Dans mes fonctions de DSI, j'ai toujours veillé à inclure dans mes équipes des profils littéraires. Des cerveaux droits empathiques, sensibles aux non-dits, aux nuances des usages, à tout l'essentiel qui n'entre pas toujours dans un cadre rationnel d'ingénieur. Des personnalités complémentaires et en constante interaction avec les profils plus techniques.

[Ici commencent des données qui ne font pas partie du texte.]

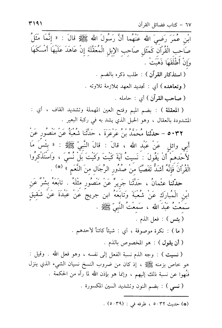 5032 - حَدَّثَنَا مُحَمَّدُ بْنُ عَرْعَرَةَ، حَدَّثَنَا شُعْبَةُ، عَنْ مَنْصُورٍ، عَنْ أَبِي وَائِلٍ، عَنْ عَبْدِ اللَّهِ، قَالَ: قَالَ النَّبِيُّ صَلَّى اللهُ عَلَيْهِ وَسَلَّمَ: «بِئْسَ مَا لِأَحَدِهِمْ أَنْ يَقُولَ نَسِيتُ آيَةَ كَيْتَ وَكَيْتَ، بَلْ نُسِّيَ وَاسْتَذْكِرُوا القُرْآنَ، فَإِنَّهُ أَشَدُّ تَفَصِّيًا مِنْ صُدُورِ الرِّجَالِ مِنَ النَّعَمِ».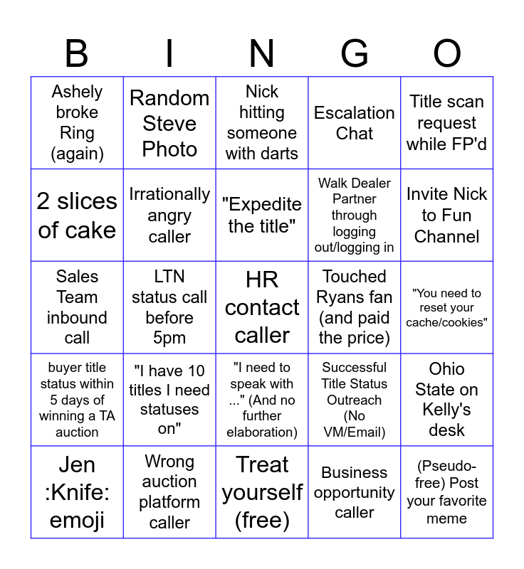 This bingo card has 25 words: buyer title status within 5 days of winning a TA auction, Wrong auction platform caller, HR contact caller, Business opportunity caller, Title scan request while FP'd, Ashely broke Ring (again), Random Steve Photo, Nick hitting someone with darts, Touched Ryans fan (and paid the price), Ohio State on Kelly's desk, 2 slices of cake, Irrationally angry caller, Treat yourself (free), Successful Title Status Outreach (No VM/Email), Invite Nick to Fun Channel, Jen :Knife: emoji, LTN status call before 5pm, "Expedite the title", Walk Dealer Partner through logging out/logging in, "You need to reset your cache/cookies", Sales Team inbound call, "I have 10 titles I need statuses on", "I need to speak with ..." (And no further elaboration), Escalation Chat and (Pseudo-free) Post your favorite meme.

Entre cerveau gauche et cerveau droit court le chemin ténu du cerveau du milieu.

Replacer le problème avant les solutions

Les services numériques ont souvent la propension à apporter clefs en main la solution à un problème qui n'existait pas avant d'être nommé, comme l'a démontré avec conviction le sociologue Evgueny Morozov en pointant du doigt le « solutionnisme » technologique... L'enjeu n'est pas très différent pour les applicatifs métiers.

Quand une entreprise accoste une solution technologique, le réflexe reptilien des équipes IT est souvent le même. Est-ce que ça a déjà marché ailleurs ? Est-ce que les grands cabinets d'étude en recommandent l'utilisation ? Est-ce que cet outil fait partie des « bonnes pratiques » du marché ? Voire « est-ce que cet outil valorisera mon parcours » ? Bien sûr, ces indices sont une aide à la décision. La valeur d'une technologie réside dans la réponse qu'elle peut apporter au problème posé par son entreprise.

Déceler les non-dits

C'est par l'écoute qu'une équipe peut détecter et traduire une intention de changement, un usage à faire évoluer, une frustration ou une aspiration qui n'arrive(nt) pas toujours à se formuler. Les équipes IT ne doivent pas se résumer à une chambre d'enregistrement des besoins métiers. Elles doivent parfois faire accoucher les besoins, les structurer et s'impliquer dans une relation où la technologie est au second plan.

Comprendre les non-dits est le plus difficile pour des équipes trop homogènes, et pourtant ô combien le plus essentiel. Celles qui y parviennent développent une véritable intimité client avec leurs interlocuteurs métiers, avec leurs utilisateurs et leurs collègues de la DSI. C'est une véritable compétence, qui ne s'outsource pas et qui doit imprégner les collaborateurs.

Dépasser la posture de joueur de Tetris

« Un problème, une solution technologique ». C'est souvent ainsi que les projets informatiques sont envisagés, par habitude, confort ou facilité. Le risque d'une telle vision - même si cela fait partie de la mission d'une DSI - c'est qu'elle enferme dans une posture "joueur de Tetris" de bons faiseurs, sélectionneurs de la bonne technologie pour répondre au besoin... Les enjeux d'une organisation et de ses pratiques entrent rarement dans des cases de façon aussi simple. Au contraire : il faut accepter l'incertitude de la question posée, s'emparer de la nuance à bras le corps, en sachant faire table rase des benchmarks et bonnes pratiques du marché. Ce qui a marché ailleurs ne marchera pas forcément ici. Observer sans a priori, organiser, exécuter et surtout improviser, car le plan se déroule rarement comme prévu. La valeur va naître de l'intelligence que les équipes mettront à décortiquer un problème avec le métier, et ensuite, seulement ensuite, de l'approche technologique pour y répondre. La technologie est morte, vive la technologie ! Vive la différence, vive la complémentarité fertile des cerveaux pour aller dénicher la valeur.